Vollmann’s win strikes the same pleasant chord as last year’s odd controversy concerning the five unknown women from New York — in the way that the National Book Foundation has embraced an unexpected choice. And yet this morning’s headlines read “Didion Wins National Book Award,” with the stories often confining Vollmann to a mere footnote.

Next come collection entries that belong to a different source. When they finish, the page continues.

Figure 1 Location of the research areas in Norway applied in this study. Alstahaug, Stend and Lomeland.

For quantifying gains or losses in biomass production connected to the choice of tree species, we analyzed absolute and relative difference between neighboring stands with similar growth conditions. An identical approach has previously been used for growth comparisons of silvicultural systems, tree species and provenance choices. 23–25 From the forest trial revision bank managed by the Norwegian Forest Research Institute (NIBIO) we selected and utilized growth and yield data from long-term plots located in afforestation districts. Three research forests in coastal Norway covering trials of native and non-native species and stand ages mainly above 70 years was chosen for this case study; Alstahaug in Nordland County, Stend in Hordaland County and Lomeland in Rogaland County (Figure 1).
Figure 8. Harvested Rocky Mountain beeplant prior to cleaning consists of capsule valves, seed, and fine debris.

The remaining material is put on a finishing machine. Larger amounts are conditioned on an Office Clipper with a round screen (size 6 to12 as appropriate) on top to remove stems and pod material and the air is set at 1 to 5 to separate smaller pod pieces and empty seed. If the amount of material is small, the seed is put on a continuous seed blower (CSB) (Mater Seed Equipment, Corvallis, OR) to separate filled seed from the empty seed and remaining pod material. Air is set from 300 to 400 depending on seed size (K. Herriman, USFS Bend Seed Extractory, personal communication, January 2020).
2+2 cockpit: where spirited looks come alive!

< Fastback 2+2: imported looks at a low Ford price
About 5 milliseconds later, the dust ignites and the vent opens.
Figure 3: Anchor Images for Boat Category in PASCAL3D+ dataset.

Edward Champion, Edward Champion’s Return of the Reluctant
Update, 21 Nov 2005, 8:00am

Robert Birnbaum (renowned for his author interviews on Identity Theory) sent us this:

I am as near a Joan Didion fanboy as I can get (about anyone)— having read most of her books and had the singular pleasure of a chat with her around the time of the publication of her last novel The Last Thing He Wanted. But for some (I do shy away from stories fact or fiction, about parents losing their children) reasons I have had zero interest in reading her latest offering. I suppose if Ms. Joan were to offer her grocery list for publication, it would be more attractive to me.

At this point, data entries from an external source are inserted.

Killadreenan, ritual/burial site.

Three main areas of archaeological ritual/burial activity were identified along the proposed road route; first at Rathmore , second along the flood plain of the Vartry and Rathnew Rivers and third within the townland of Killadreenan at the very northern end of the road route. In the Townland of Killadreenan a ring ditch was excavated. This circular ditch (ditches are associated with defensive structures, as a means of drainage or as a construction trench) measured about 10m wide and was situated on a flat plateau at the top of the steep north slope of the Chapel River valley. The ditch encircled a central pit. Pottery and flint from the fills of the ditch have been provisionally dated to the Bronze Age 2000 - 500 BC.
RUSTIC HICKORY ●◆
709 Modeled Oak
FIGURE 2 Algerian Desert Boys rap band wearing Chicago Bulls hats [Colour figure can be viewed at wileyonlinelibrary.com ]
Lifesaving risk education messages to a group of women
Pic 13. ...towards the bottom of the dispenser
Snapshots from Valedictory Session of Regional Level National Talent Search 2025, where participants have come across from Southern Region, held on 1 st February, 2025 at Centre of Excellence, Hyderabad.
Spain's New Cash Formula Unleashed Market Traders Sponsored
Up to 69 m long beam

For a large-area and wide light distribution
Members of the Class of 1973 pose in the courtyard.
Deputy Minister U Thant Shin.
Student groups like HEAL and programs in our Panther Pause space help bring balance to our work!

Having said that, while it is no surprise to me that The Year of Magical Thinking won a National Book Award (actually, nothing about book awards is surprising), I am puzzled about what about this cultural moment has made this book a best seller. I am not aware that Didion’s acute political –cultural observations in the New York Review of Books (perhaps it’s the venue) have attracted the enthusiastic, near hysterical audience as for her more personal work, Where I was From and the newest book. Is it the fascination with the ineffability of death, grief and suffering that is the focus of Didion’s memoir? Or the harrowing experience of losing both one’s life partner and child? Or would it be a hunger for tramping around the private and personal matters of others? Does the numbing effect of a society working overtime, or in the current argot, 24/7, turning us into efficient consuming units make Didion’s hyper sorrowful meditation the ultimate cathartic antidote?

I suppose I should be able to answer these questions but at the moment I can not. Perhaps I’ll have to get around to reading Joan Didion’s book. But not now.